====== RAW DATA
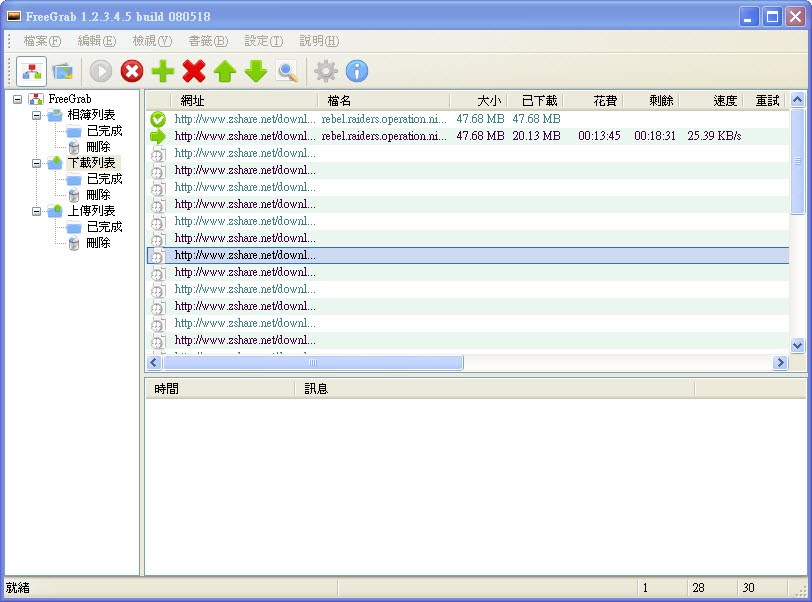 FreeGrab 是一款免費空間下載器,它能直接下載像是 Bandogo, Rapidshare, Freakshare, Xun6 等134個免費空間的分享檔案,比較可惜是部份需要驗證碼的免空要自已輸入,但能將檔案以列表式下載,讓您不需在網頁前讀秒傻等,也增加了不少的便利性。
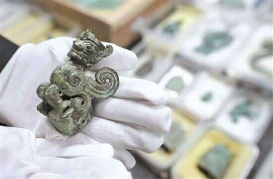 四川省文物考古研究院联合16家单位推进三星堆出土文物保护修复项目,完成祭祀区出土金面具、鸟形金饰等4062件珍贵文物的保护修复工作,同时对铜器铸造工艺和产地进行研究,发现了目前国内最早使用铜器芯撑技术的实例。
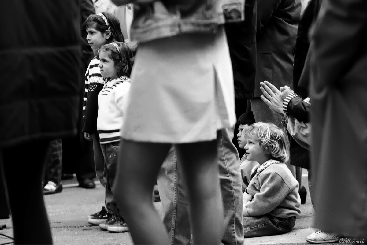 Avrei potuto chiedere alle persone di spostarsi, ma ho scelto di mantenere i bambini tra la folla isolandoli nei loro frame e con la diagonale che si crea dalla loro posizione, fissi verso l'evento. _________________ Non mi interessa con cosa si fotografa e come si arriva al risultato finale, mi interessa solo il risultato finale. |
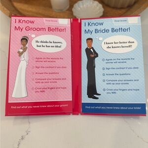 Set includes two unused wedding planners and a Bride & Groom Challenge game. Also included is a Bride to Be sash in champagne glitter color. Used but still in amazing condition. Perfect for wedding preparation. Smoke free home.
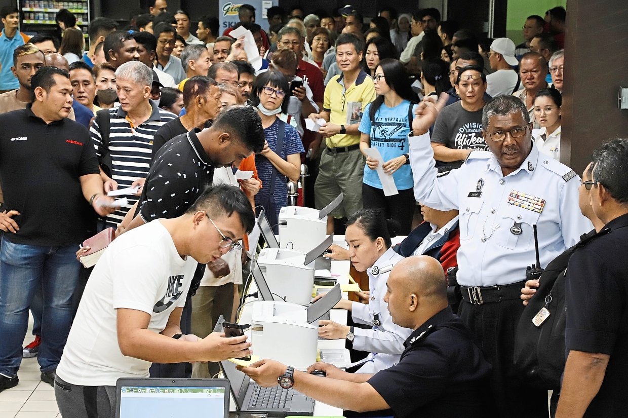 Motorists stand in line to verify outstanding traffic summonses with police officers in Penang, Malaysia on Oct 4, 2019.
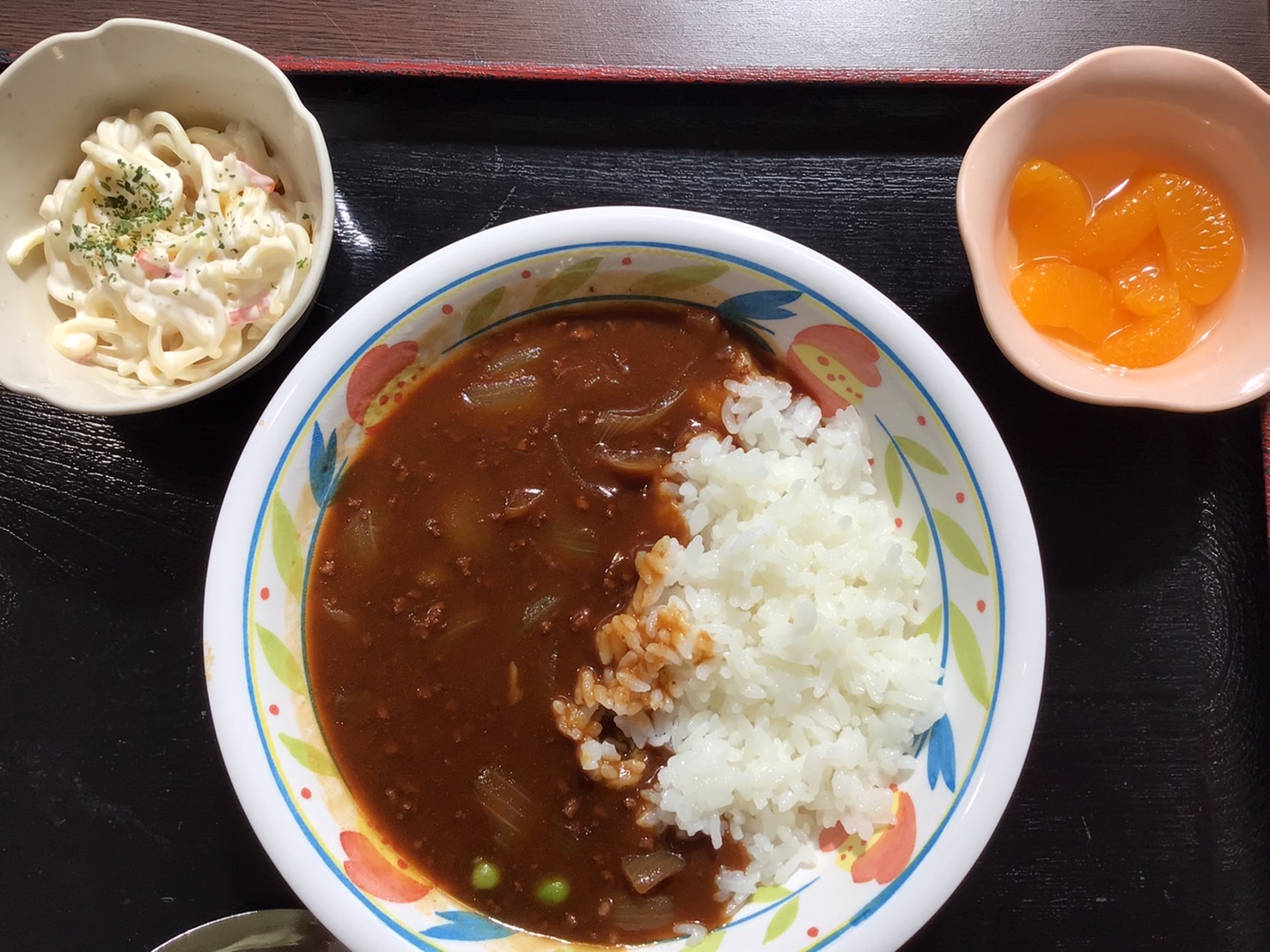 【昼食】 1.ハヤシライス 2.スパゲティサラダ 3.フルーツ缶 kcal546 蛋白質10.3g 脂質12.6g 食塩1.8g
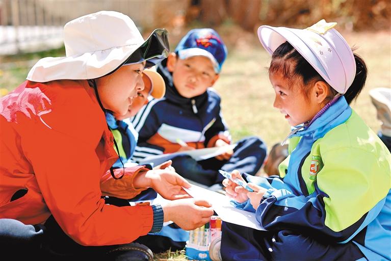 圖為幼兒園老師在教孩子們繪畫。通訊員 倫珠澤仁 記者 洛桑 攝
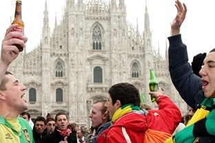 Fanii englezi deplasaţi la Milano, să le susţină pe Manchester United şi pe Chelsea în "optimile" Ligii, nu resimt deloc criza financiară
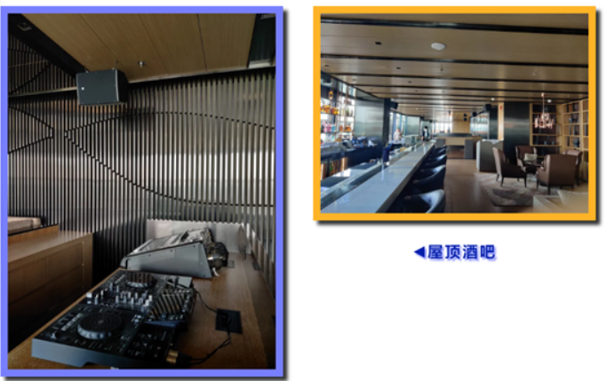 27樓屋頂酒吧Flair,分室內(nèi)室外兩部分,配置DJ打碟機(jī),主擴(kuò)聲由EV SM系列全頻同軸+15寸超低音組成,室外視野極佳,就坐于池水邊。身邊綠植叢中隱藏的EV 8寸蘑菇音箱同步播放室內(nèi)音樂(lè),品美酒賞夜景甚為愜意,開業(yè)即成為高新區(qū)的一個(gè)新的網(wǎng)紅打卡地。
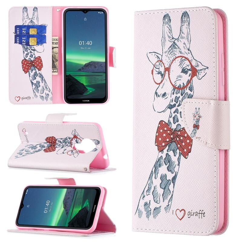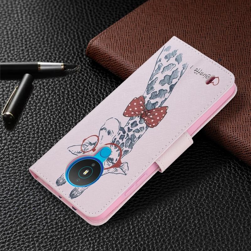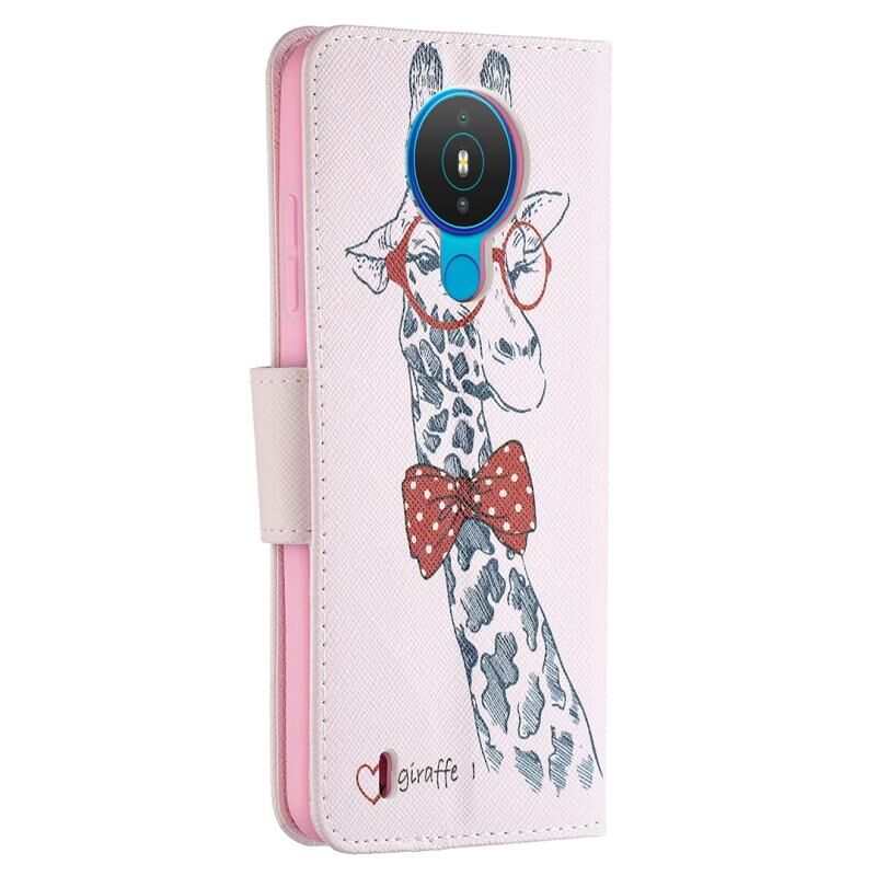 Θήκη δέρματος για Nokia 1.4 με σχέδιο έγχρωμου σχεδίου, οριζόντια αναδίπλωση, με βάση & υποδοχές καρτών & πορτοφόλι (Ελάφι)
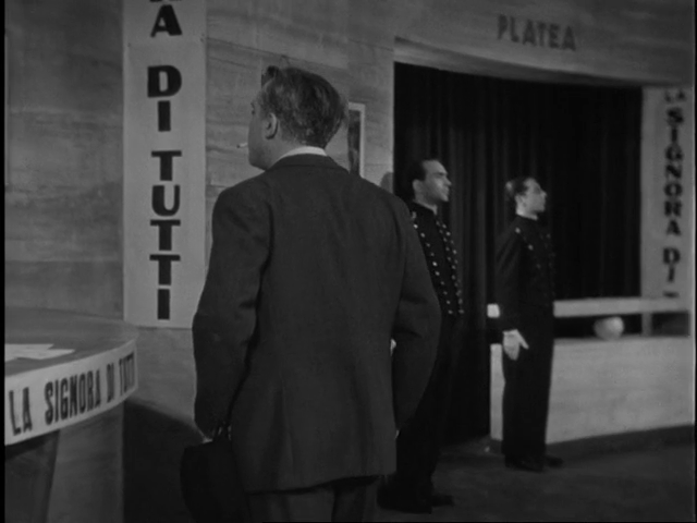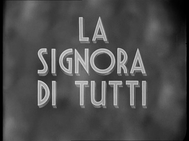 A tela está negra quando o rufar de tambores dá início ao primeiro tema musical e ao filme. Os créditos indicam que estamos a assistir a La signora di tutti (1934), uma produção de Novella-film baseada no romance de Salvator Gotta, interpretada por Isa Miranda, com canções de Daniel Dax, etc. (Max Ophüls não é creditado como realizador). Ao fundo, vêem-se discretas formas móveis, como fumo que ascendesse no ar.
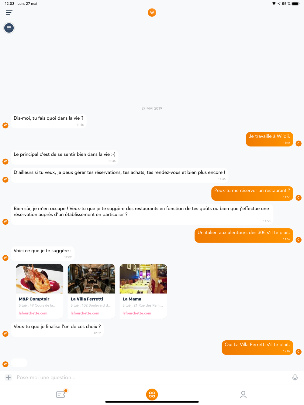Découvrez Wiidii, le premier assistant capable d’empathie au monde : combinaison unique d’une technologie d’intelligence artificielle (IA) de pointe et du savoir-faire de nos assistants humains.
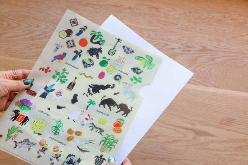 奄美群島5島のイラストが詰まったクリアファイルは、シマを象徴するアイテムがポップに描かれていて、遊び心満載ながらも、シマを知ることができる、優れもの!
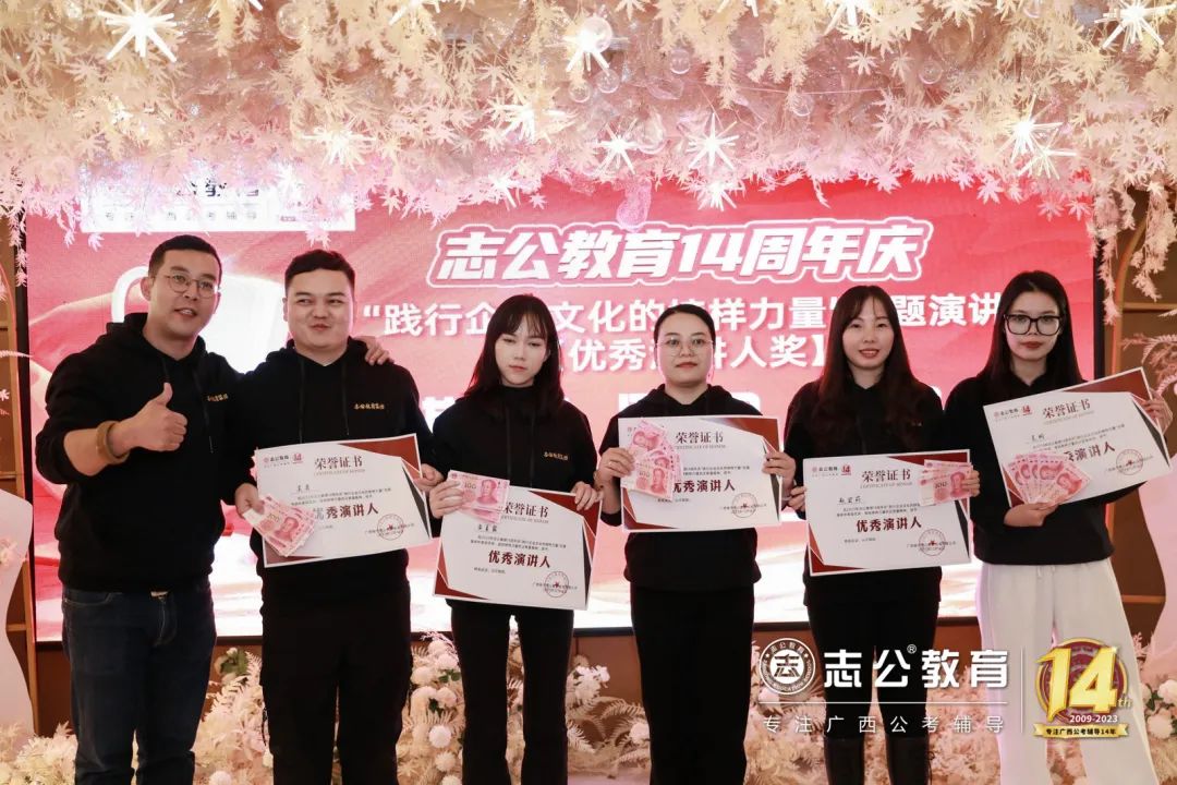 一直以來,志公教育都秉承著“12條企業(yè)文化核心價值觀”,包括客戶原則——以學(xué)員為中心”、“管理原則——人人都是經(jīng)營者”等12項原則,扎根廣西本土公考,全力服務(wù)每一位志公學(xué)員。在董事長李勇的正確領(lǐng)導(dǎo)下,在廣大學(xué)員的支持下,在全體員工的共同努力下,志公教育從無到有,從小到大,不斷夯實發(fā)展基礎(chǔ),贏得了客戶的信賴和品牌形象。全體志公人將堅定目標齊奮斗、凝心聚力再出發(fā),為志公高質(zhì)量發(fā)展再立新功。
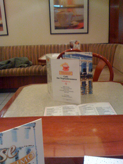 Tea and Hiroshima and mini-Berliners at cafe Segafredo in Alexanderplatz Bahnhof.
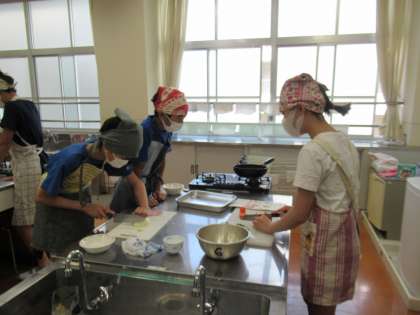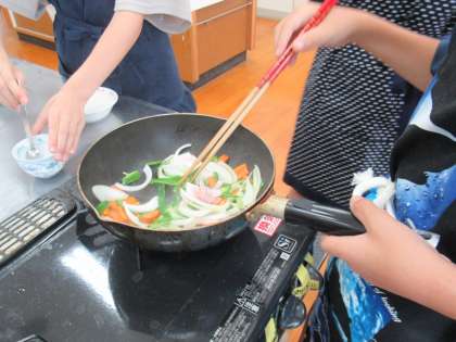 家庭科の学習では,ピーマン・にんじん・玉ねぎ・ハムを炒めて「いろどりいため」を作りました。グループで分担し,安全に気をつけて取り組むことができました。どの材料にも均等に火が通るように切り方や炒める順番に気をつけました。結果は「ちょうどよい焼き加減だった。」「玉ねぎが辛かった。」「にんじんが焦げた。」など,グループによってさまざまでした。学習したことをこれからの生活に生かしてほしいと思います。
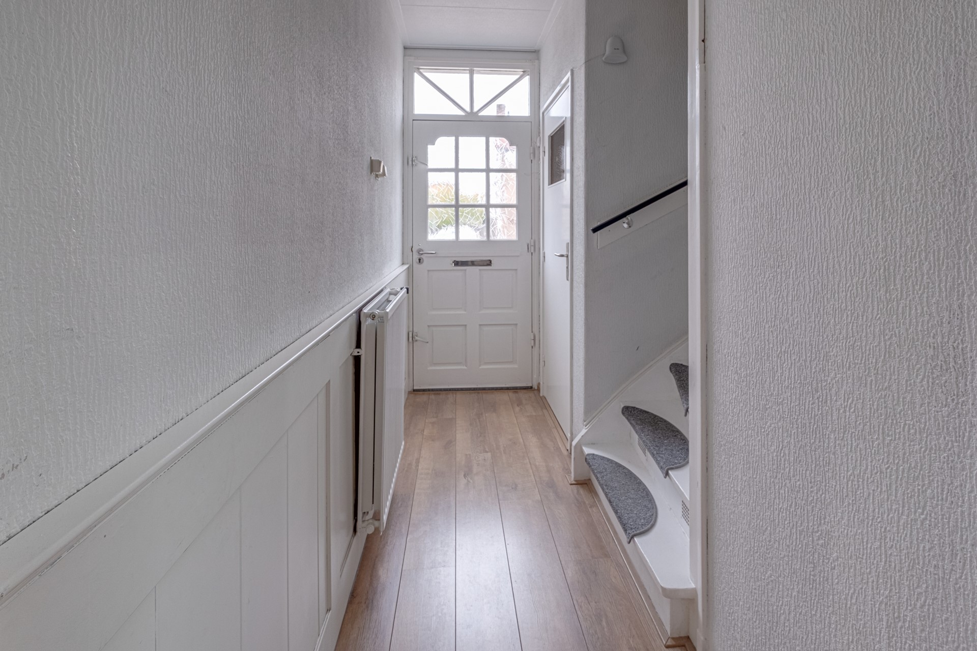 In de hal achter de voordeur vind je het toilet en trap naar de verdieping. Daarna kom je in de ruime woonkamer die is voorzien van een laminaatvloer en grote ramen aan de voor- en zijkant, waardoor veel licht de ruimte binnenkomt. In de woonkamer bevindt zich ook de toegangsdeur tot de kelder.
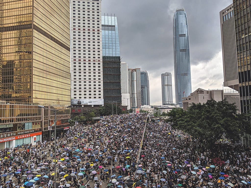 Above: a protest in Hong Kong at a more peaceful time, as opposed to the violent protests occurring at time of publication
============
WHAT IS EXPECTED>
Please give back every line above exactly as it stands, without pictures.

COMPLETED TASK>
 FreeGrab 是一款免費空間下載器,它能直接下載像是 Bandogo, Rapidshare, Freakshare, Xun6 等134個免費空間的分享檔案,比較可惜是部份需要驗證碼的免空要自已輸入,但能將檔案以列表式下載,讓您不需在網頁前讀秒傻等,也增加了不少的便利性。
 四川省文物考古研究院联合16家单位推进三星堆出土文物保护修复项目,完成祭祀区出土金面具、鸟形金饰等4062件珍贵文物的保护修复工作,同时对铜器铸造工艺和产地进行研究,发现了目前国内最早使用铜器芯撑技术的实例。
 Avrei potuto chiedere alle persone di spostarsi, ma ho scelto di mantenere i bambini tra la folla isolandoli nei loro frame e con la diagonale che si crea dalla loro posizione, fissi verso l'evento. _________________ Non mi interessa con cosa si fotografa e come si arriva al risultato finale, mi interessa solo il risultato finale. |
 Set includes two unused wedding planners and a Bride & Groom Challenge game. Also included is a Bride to Be sash in champagne glitter color. Used but still in amazing condition. Perfect for wedding preparation. Smoke free home.
 Motorists stand in line to verify outstanding traffic summonses with police officers in Penang, Malaysia on Oct 4, 2019.
 【昼食】 1.ハヤシライス 2.スパゲティサラダ 3.フルーツ缶 kcal546 蛋白質10.3g 脂質12.6g 食塩1.8g
 圖為幼兒園老師在教孩子們繪畫。通訊員 倫珠澤仁 記者 洛桑 攝
 Fanii englezi deplasaţi la Milano, să le susţină pe Manchester United şi pe Chelsea în "optimile" Ligii, nu resimt deloc criza financiară
 27樓屋頂酒吧Flair,分室內(nèi)室外兩部分,配置DJ打碟機(jī),主擴(kuò)聲由EV SM系列全頻同軸+15寸超低音組成,室外視野極佳,就坐于池水邊。身邊綠植叢中隱藏的EV 8寸蘑菇音箱同步播放室內(nèi)音樂(lè),品美酒賞夜景甚為愜意,開業(yè)即成為高新區(qū)的一個(gè)新的網(wǎng)紅打卡地。
 Θήκη δέρματος για Nokia 1.4 με σχέδιο έγχρωμου σχεδίου, οριζόντια αναδίπλωση, με βάση & υποδοχές καρτών & πορτοφόλι (Ελάφι)
 A tela está negra quando o rufar de tambores dá início ao primeiro tema musical e ao filme. Os créditos indicam que estamos a assistir a La signora di tutti (1934), uma produção de Novella-film baseada no romance de Salvator Gotta, interpretada por Isa Miranda, com canções de Daniel Dax, etc. (Max Ophüls não é creditado como realizador). Ao fundo, vêem-se discretas formas móveis, como fumo que ascendesse no ar.
Découvrez Wiidii, le premier assistant capable d’empathie au monde : combinaison unique d’une technologie d’intelligence artificielle (IA) de pointe et du savoir-faire de nos assistants humains.
 奄美群島5島のイラストが詰まったクリアファイルは、シマを象徴するアイテムがポップに描かれていて、遊び心満載ながらも、シマを知ることができる、優れもの!
 一直以來,志公教育都秉承著“12條企業(yè)文化核心價值觀”,包括客戶原則——以學(xué)員為中心”、“管理原則——人人都是經(jīng)營者”等12項原則,扎根廣西本土公考,全力服務(wù)每一位志公學(xué)員。在董事長李勇的正確領(lǐng)導(dǎo)下,在廣大學(xué)員的支持下,在全體員工的共同努力下,志公教育從無到有,從小到大,不斷夯實發(fā)展基礎(chǔ),贏得了客戶的信賴和品牌形象。全體志公人將堅定目標齊奮斗、凝心聚力再出發(fā),為志公高質(zhì)量發(fā)展再立新功。
 Tea and Hiroshima and mini-Berliners at cafe Segafredo in Alexanderplatz Bahnhof.
 家庭科の学習では,ピーマン・にんじん・玉ねぎ・ハムを炒めて「いろどりいため」を作りました。グループで分担し,安全に気をつけて取り組むことができました。どの材料にも均等に火が通るように切り方や炒める順番に気をつけました。結果は「ちょうどよい焼き加減だった。」「玉ねぎが辛かった。」「にんじんが焦げた。」など,グループによってさまざまでした。学習したことをこれからの生活に生かしてほしいと思います。
 In de hal achter de voordeur vind je het toilet en trap naar de verdieping. Daarna kom je in de ruime woonkamer die is voorzien van een laminaatvloer en grote ramen aan de voor- en zijkant, waardoor veel licht de ruimte binnenkomt. In de woonkamer bevindt zich ook de toegangsdeur tot de kelder.
 Above: a protest in Hong Kong at a more peaceful time, as opposed to the violent protests occurring at time of publication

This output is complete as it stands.